#### MATERIALS PROVIDED ####
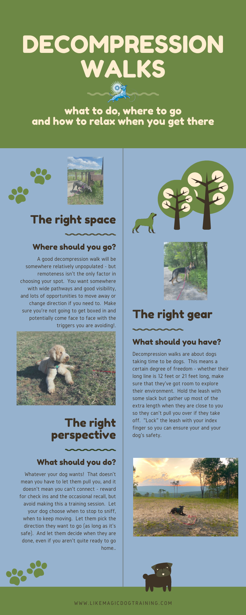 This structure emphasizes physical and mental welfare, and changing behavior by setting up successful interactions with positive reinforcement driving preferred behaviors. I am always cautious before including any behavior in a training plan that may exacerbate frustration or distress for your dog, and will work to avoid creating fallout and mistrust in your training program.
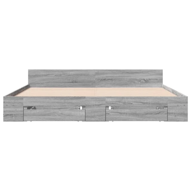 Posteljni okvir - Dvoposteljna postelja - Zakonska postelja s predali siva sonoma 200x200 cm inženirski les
####
#### MATERIALS PROVIDED ####
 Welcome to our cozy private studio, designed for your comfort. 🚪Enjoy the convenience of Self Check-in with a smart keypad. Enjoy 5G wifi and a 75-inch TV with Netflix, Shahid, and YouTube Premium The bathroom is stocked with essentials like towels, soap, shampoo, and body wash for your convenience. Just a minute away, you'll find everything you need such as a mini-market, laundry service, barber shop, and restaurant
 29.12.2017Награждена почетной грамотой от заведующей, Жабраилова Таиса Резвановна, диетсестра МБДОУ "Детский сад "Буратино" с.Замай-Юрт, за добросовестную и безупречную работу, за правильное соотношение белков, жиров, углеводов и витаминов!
####
__PROBLEM STATEMENT__
All pictures are to be skipped. Output, word for word, the lines in the data above starting at the line containing "This structure emphasizes" and ending at the line containing "Posteljni okvir - Dvoposteljna".

__WRITTEN SOLUTION__
 This structure emphasizes physical and mental welfare, and changing behavior by setting up successful interactions with positive reinforcement driving preferred behaviors. I am always cautious before including any behavior in a training plan that may exacerbate frustration or distress for your dog, and will work to avoid creating fallout and mistrust in your training program.
 Posteljni okvir - Dvoposteljna postelja - Zakonska postelja s predali siva sonoma 200x200 cm inženirski les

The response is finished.